- _DATA RECORDS_:

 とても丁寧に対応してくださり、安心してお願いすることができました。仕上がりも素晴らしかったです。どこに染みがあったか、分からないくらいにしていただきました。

==

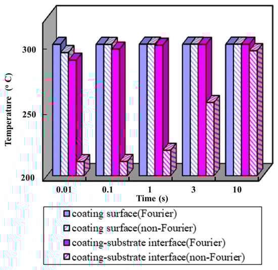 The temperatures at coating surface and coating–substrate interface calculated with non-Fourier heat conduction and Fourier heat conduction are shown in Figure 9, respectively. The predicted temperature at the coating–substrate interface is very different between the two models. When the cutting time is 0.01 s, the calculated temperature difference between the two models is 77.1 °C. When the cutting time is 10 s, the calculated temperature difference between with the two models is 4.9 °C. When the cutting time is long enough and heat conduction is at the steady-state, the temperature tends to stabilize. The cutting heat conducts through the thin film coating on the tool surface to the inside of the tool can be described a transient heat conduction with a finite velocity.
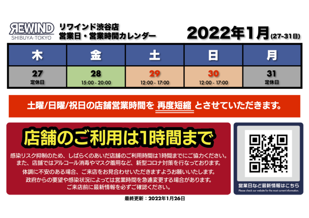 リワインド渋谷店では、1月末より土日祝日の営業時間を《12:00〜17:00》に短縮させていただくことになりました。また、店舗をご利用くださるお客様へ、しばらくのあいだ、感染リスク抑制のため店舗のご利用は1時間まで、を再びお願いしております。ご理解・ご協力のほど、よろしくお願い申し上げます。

- _TASK PROMPT_:
From the line holding "The temperatures at" to the line holding "リワインド渋谷店では、1月末", both included, retype the entries above exactly and drop the pictures.

- _SOLUTION FOR THIS TASK_:
 The temperatures at coating surface and coating–substrate interface calculated with non-Fourier heat conduction and Fourier heat conduction are shown in Figure 9, respectively. The predicted temperature at the coating–substrate interface is very different between the two models. When the cutting time is 0.01 s, the calculated temperature difference between the two models is 77.1 °C. When the cutting time is 10 s, the calculated temperature difference between with the two models is 4.9 °C. When the cutting time is long enough and heat conduction is at the steady-state, the temperature tends to stabilize. The cutting heat conducts through the thin film coating on the tool surface to the inside of the tool can be described a transient heat conduction with a finite velocity.
 リワインド渋谷店では、1月末より土日祝日の営業時間を《12:00〜17:00》に短縮させていただくことになりました。また、店舗をご利用くださるお客様へ、しばらくのあいだ、感染リスク抑制のため店舗のご利用は1時間まで、を再びお願いしております。ご理解・ご協力のほど、よろしくお願い申し上げます。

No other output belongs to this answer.